In the case of a household, we think of a “payments deficit” caused by expenditures on goods and services exceeding income requiring net borrowing. However, in international payments, the causality can go in the opposite direction. The US is a low saving nation, and we are running large government deficits which Americans are not saving enough to finance. Therefore, a large volume of the bonds the US Government sells to finance its budget deficit is bought by foreigners.
 
The foreign buyers enter the foreign exchange market to buy the dollars with which to buy the US Government debt instruments. A foreign exchange market can be thought of just like a commodity market.
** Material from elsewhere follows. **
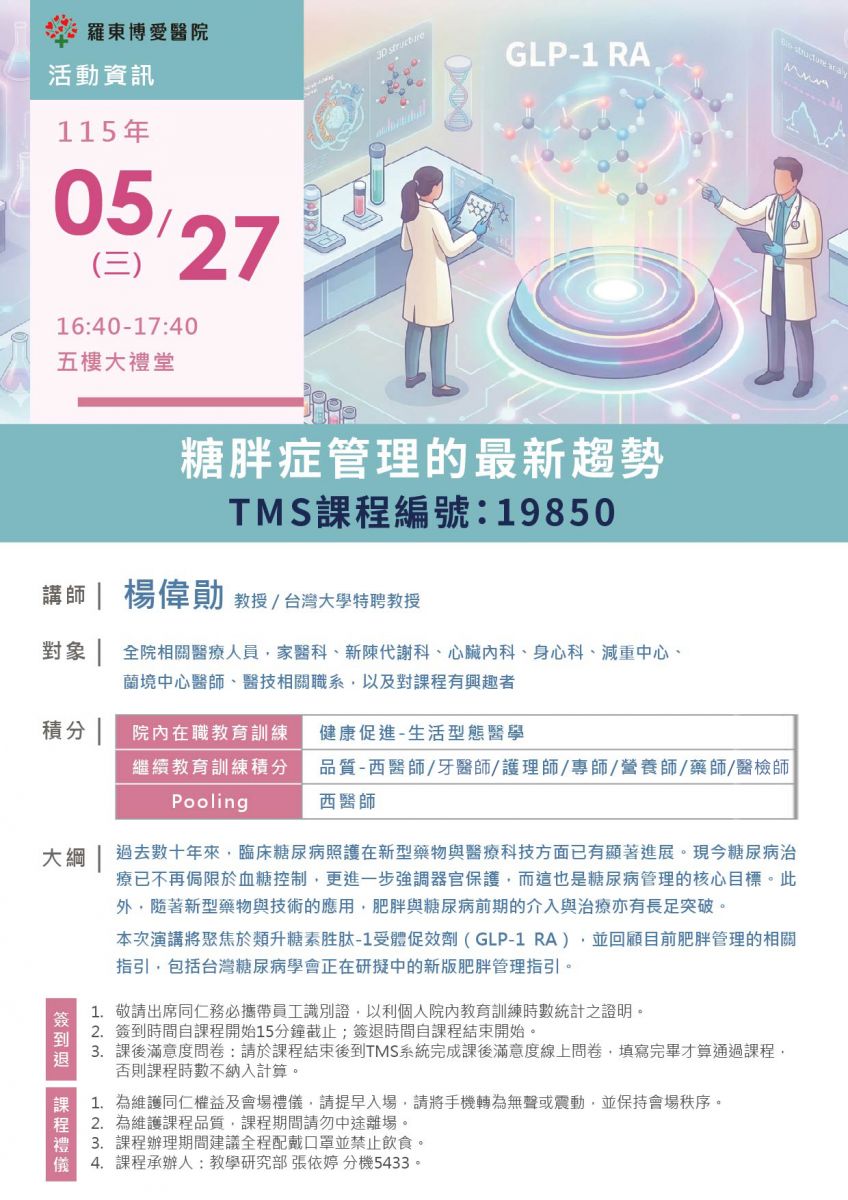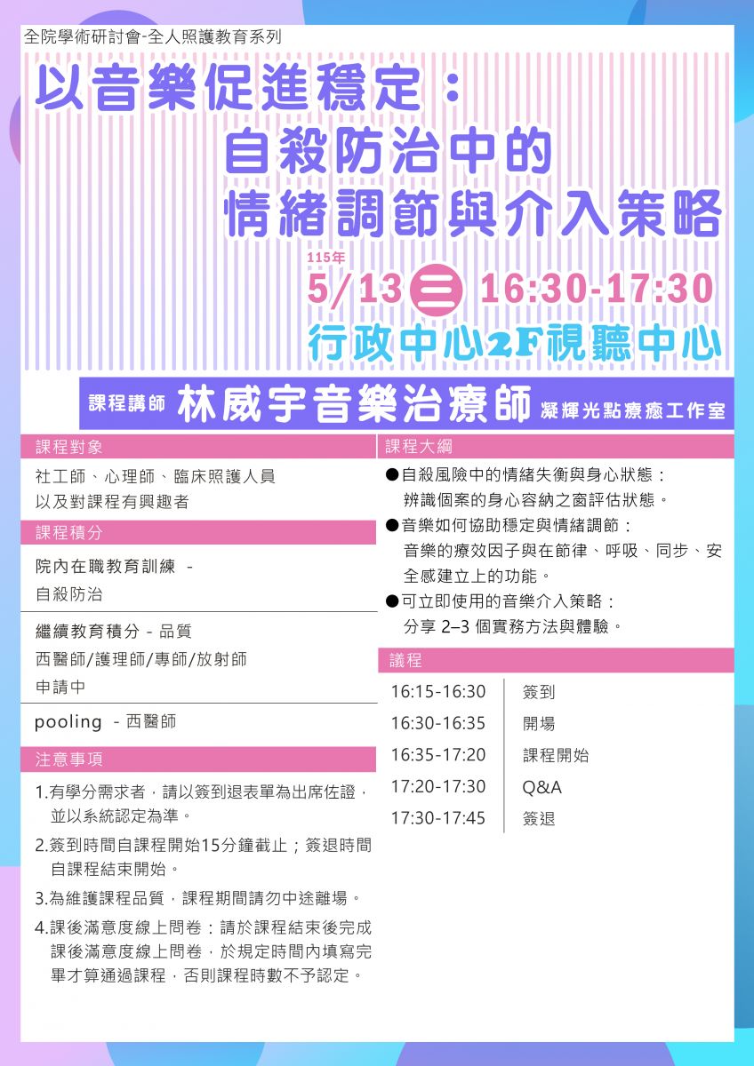 主旨:本院訂於115年5月舉辦全院學術研討會-全人照護教育系 列,請轉知所屬課程訊息,請查照。#5433

Since payments between nations are composed of both trade in goods and services (the "current account") and international capital flows (the "capital account"), the market clearing condition (i.e. where supply of equals demand for foreign exchange) requires that the exchange rate (i.e. price of foreign exchange) adjust to ensure that any net capital inflow be offset by an equal current account deficit.
 
Foreigners buying more dollars in the foreign exchange market puts upward pressure on the dollar exchange rate. Larger net capital inflows require the dollar to appreciate sufficiently to squeeze down American exports and increase imports to the US by enough to generate the requisite current account deficit to offset the larger net capital inflow. The point is this. The President can levy all the tariffs on imports he wants, but as long as the dollar is allowed to float freely and we continue to run large Federal budget deficits, exchange rate adjustments will offset his tariffs. His tariffs cannot have the result he desires. The numbers simply do not work.
 
The problem of large US trade deficits (really current account deficits) is the result of large net capital inflows into the United States. In part, this reflects the fact that the United States has been seen as a very attractive place for foreigners to invest. However, looking to the future with projected US Government budget deficits exceeding a trillion dollars per year as far as the eye can see into the future, as long as Americans remain low savers, a substantial part of the budget deficit will be financed by borrowing from abroad (i.e. net capital inflows). As long as the dollar is allowed to float on foreign exchange markets, the exchange rate will adjust enough to generate the requisite current account deficit to offset the net capital inflow.
 
The trade deficit will not be eliminated as long as the Federal budget deficit requires borrowing from foreigners.  
 
The root of the loss of American jobs is technological change, and in the case of China, intellectual property theft. Tariffs are totally ill-suited to address these problems. To address the latter problem, what Trump needed to do was to solidify a working group of like-minded nations which would bring joint pressure on the Chinese Government. Instead, Trump has completely blown that approach by destroying whatever working relationship the US had with the G-7.